Pesquisar neste blogue

segunda-feira, 20 de junho de 2016

Bairro X


Efémero bairro X
Apenas o urinol do centro da praça não se impressiona com as perspetivas de modernidade que se avizinham
Ou não.
Cochicham os novos ocupantes dos espaços devolutos que o universo de fábricas abandonadas está
(vendido)
(por vender)
(à venda)
Vinte e cinco
Trinta
Milhões
Tal como o bairro, vagas promessas, sem métricas muito precisas.
Indiferentes às promessas do bairro X, os habitantes (tal como o urinol da praça) destilam o calor na cerveja gelada, recorrem-se dos espaços sem vista, deambulam de sombra em sombra, enfrentam a arte urbana com um desdém de quem já assistiu ao rio roubar-lhes o bairro, a indústria sonegar-lhes o orgulho, a encosta traseira construir-se em torres de um modernismo social de pós-guerra e sugar-lhes os habitantes, e portanto, o direito de ser bairro e espaço social.
Mais do que desdém, imunidade.
Por isso, neste Domingo à tarde de calor, os sobreviventes circulam sem precauções nem sobressaltos por esta zona de fronteira.




No bairro X (que confina com Z, a nova modernidade a oriente, e a ocidente com um plano diretor municipal confuso e desorientado) confluem os restos do industrialismo urbano, os novos fenómenos de irreverência artística, a cerveja artesanal, os últimos camiões TIR, um porto moribundo e as torres fantasma do terminal de cereais.
“Estás sujo!” – e o companheiro, de riso tonto e pose infantil, acena com a cabeça e acrescenta eloquência ao guardador de histórias, o chefe do bairro que antes se dedicava a assustar os incautos forasteiros que por ali se atreviam a espreitar.
De imperial na mesa e despojos no prato.
Com a fama do bairro.
Agora, tal como os baleeiros dos mares profundos e violentos dos Açores, dedica-se ao turismo.
“As fotografias servem para nos recordarmos” – e outro ria – “por isso estás sujo, e ninguém te bate, limpa-te lá fora, estamos aqui para ajudar, não é?”
Como as baleias, diria.
Também eles (nós) não nos (a eles) devolverão o direito ao seu espaço social, eles que pairam no seu efémero infinito.
Deixa-os sujar
Dá-lhes de beber, até que a voz lhes doa.
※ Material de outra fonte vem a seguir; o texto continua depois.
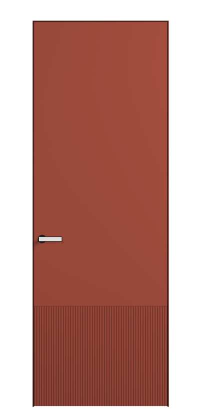 Это полотна с рельефной фрезеровкой. Этот прием делает интерьер объемным, тактильным, вносит интересную текстуру и создает современный образ. Волнистый рельеф может быть выполнен по ламелям из массива дуба в древесных матовых отделках, либо исполнен по натуральному и экологически безопасному материалу — ХДФ, покрытому гладкой эмалью актуальных оттенков.

A olhar o rio a M, o Pedro, o Válter, o José Luís, a Rita, a Leonor e, pelo menos, mais vinte e um e os amigos, deliberam sem consenso, se a modernidade se faz construindo ou recuperando memórias.
A M insiste em afirmar que o que tem que ser, tem de ser, se levam os posters para casa é porque apreciam a arte e, afinal de contas, a criação é de todos.
A M não tem mais de vinte e cinco anos, mas tem o mesmo olhar para o rio do que o velho corsário do bairro X, do que as fachadas que derramam as lágrimas do tempo, do que os bairros que elevaram as colinas a uma modernidade minimalista e do que a industria que alimentou as colónias.
Aqui, a noção de tempo é como a penúltima letra do alfabeto, tão efémera quanto infinita.
Transversal entre gerações.
Agradeço ao corsário as sombras fortes que dão cor ao bairro X, mas ele olha distraidamente para leste fingindo não perceber que já se constroem trincheiras a dois quarteirões da praça do urinol público, para lá de Braço de Prata,
O companheiro de riso tonto e pose infantil, esbraceja para oeste e eu julgo que ele me adotou como a ultima baleia dos mares ocidentais.
Mas o imediato do corsário nem deu pela minha partida, apenas saúda o facto de, para oeste, não se vislumbrar nada de novo.

X de Xabregas, provavelmente a última fronteira.